VLMs on Kiara#

In this notebook we will use vision language models on yet experimental LLM infrastructure infrastructure. To use it, you must enter two enviroment variables KIARA_API_KEY and KIARA_LLM_SERVER.

from skimage.io import imread
import stackview
from image_utilities import numpy_to_bytestream
import base64
from stackview._image_widget import _img_to_rgb

Example images#

First we load a natural image

The LLava model is capable of describing images via the ollama API.

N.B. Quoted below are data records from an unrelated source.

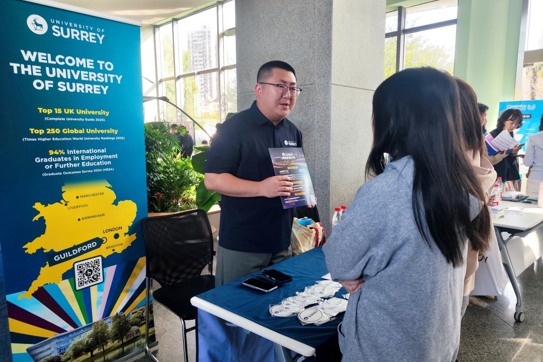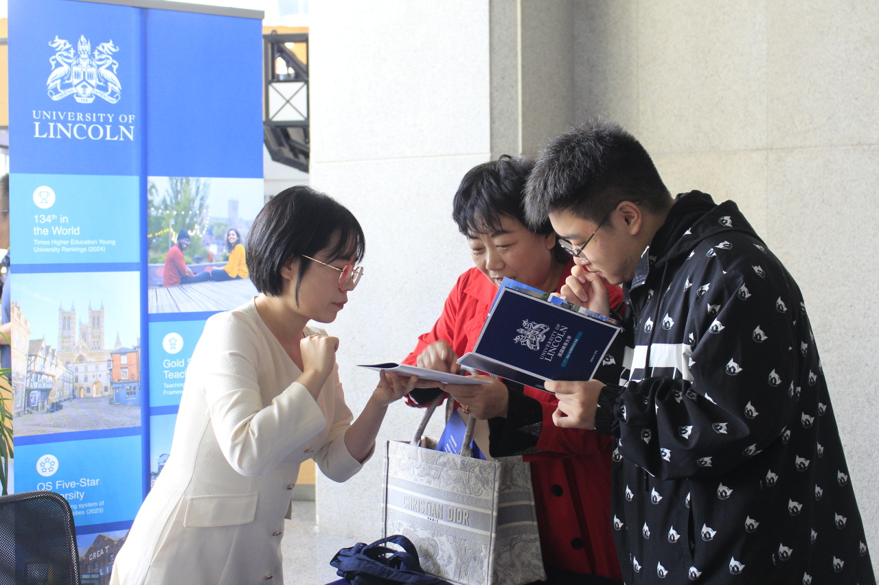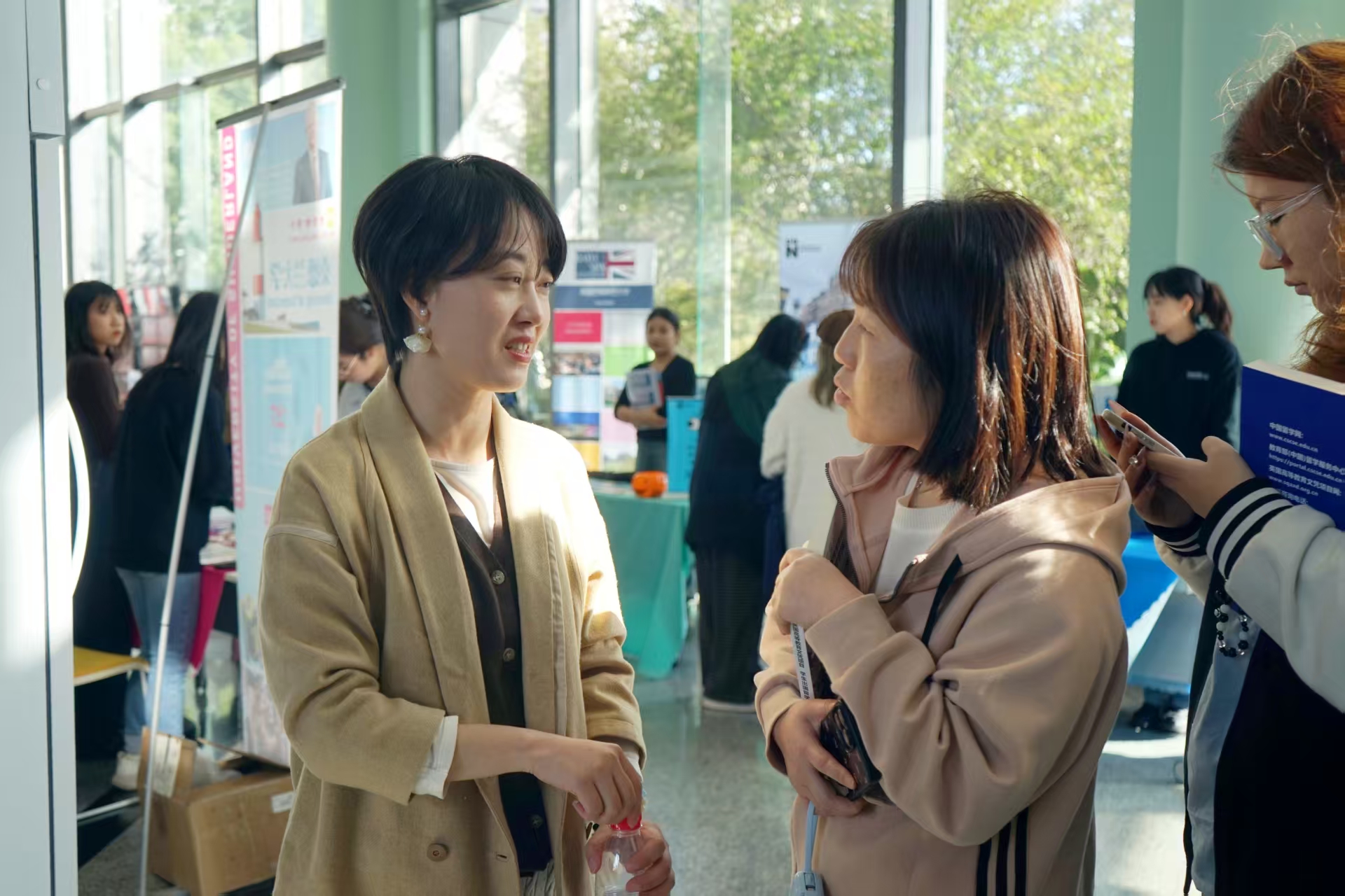 讲座结束后,学生与家长移步至行政楼大厅,参加英国高等教育文凭项目高校交流会。现场气氛热烈,33所海外院校的校方代表齐聚一堂,为学生及家长提供一对一的咨询与指导。值得一提的是,本次活动不仅面向23级学生,也有序组织24级学生分批次参与,旨在让同学们提前了解海外院校的专业设置、学业要求等,科学做好学业规划,为未来留学之路奠定坚实基础。
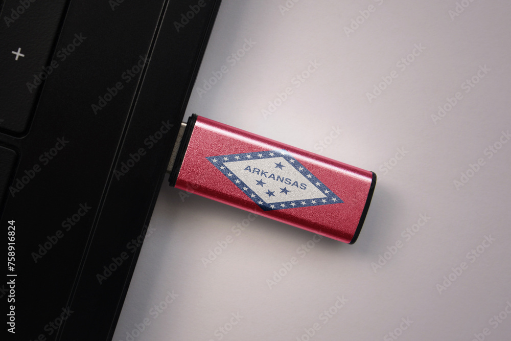 usb flash drive in notebook computer with the national flag of arkansas state on gray background.
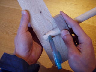 いわゆる鉛筆を使った毛引きです。通常の毛引きももちろん使いますが、私の場合ほぞの長手方向の墨付けはシャープペンシルを使います。その理由は、墨線を残してホゾ加工をすることで、線の幅分をホゾの締め代とする為です(これは通っていた職業訓練校で教わった方法で、0.5mmサイズが広葉樹には丁度良い)。

def prompt_kiara(prompt:str, image, model="vllm-llama-4-scout-17b-16e-instruct"):
    """A prompt helper function that sends a message to the llm service provider
    and returns only the text response.
    """
    import os
    import openai
    
    rgb_image = _img_to_rgb(image)
    byte_stream = numpy_to_bytestream(rgb_image)
    base64_image = base64.b64encode(byte_stream).decode('utf-8')

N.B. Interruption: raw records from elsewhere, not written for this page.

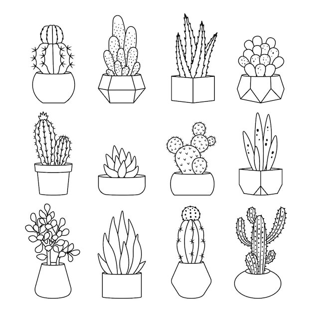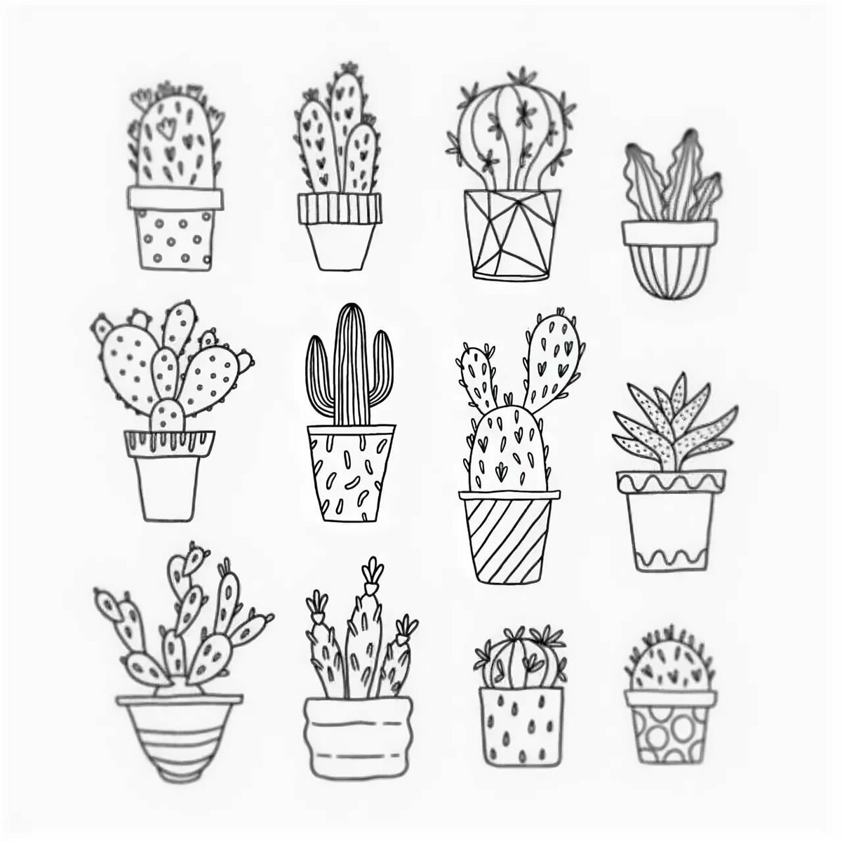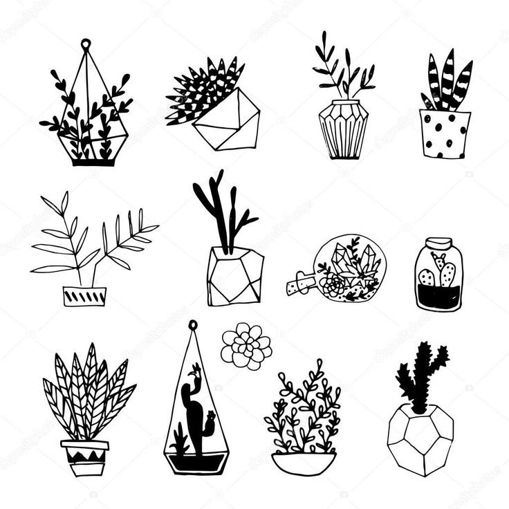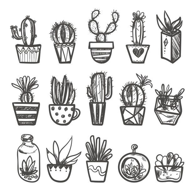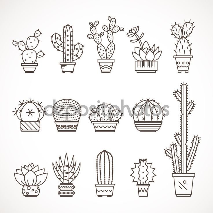 ![Маленькие кактусы черно белые]()
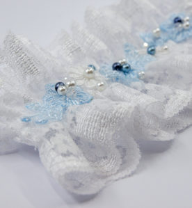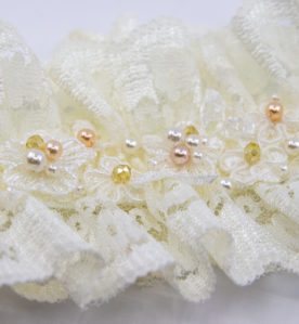990 KčTylový svatební podvazek po celém obvodu vyšívaný českými korálky PRECIOSA dozdobený krajkovými kytičkami.
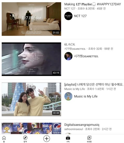 정각에 뜰지 안 뜰지 잘 모르니까 도키도키하면서 훓어보는데 127 말고는 구독 목록이 거의 다 플레이리스트란말야 그래서 올려준거 넘 평소랑 위화감이 없어서 올라온거 인지하는데 한참 걸림ㅋㅋ너무나 흡사한 무드

    message = [{"role": "user", "content": [
        {"type": "text", "text": prompt},
        {
        "type": "image_url",
        "image_url": {
            "url": f"data:image/jpeg;base64,{base64_image}"
        }
    }]}]
        
    # setup connection to the LLM
    client = openai.OpenAI(
        base_url=os.environ.get('KIARA_LLM_SERVER') + "api/",
        api_key=os.environ.get('KIARA_API_KEY')
    )
    
    # submit prompt
    response = client.chat.completions.create(
        model=model,
        messages=message
    )
    
    # extract answer
    return response.choices[0].message.content
image = imread("data/real_cat.png")
stackview.insight(image)
shape(512, 512, 3)
dtypeuint8
size768.0 kB
min0
max255
prompt_kiara("what's in this image?", image)
'The image shows a black and white cat standing on a table next to a white device that appears to be a digital microscope. The cat is facing to the right, with its tail extending behind it. The device has a white body with black knobs and a small camera on top. It sits on a light-colored wooden table, with a red fabric object partially visible to the right. The background features a white wall with a textured surface.'

Exercise#

Load the MRI dataset and ask LLava about the image.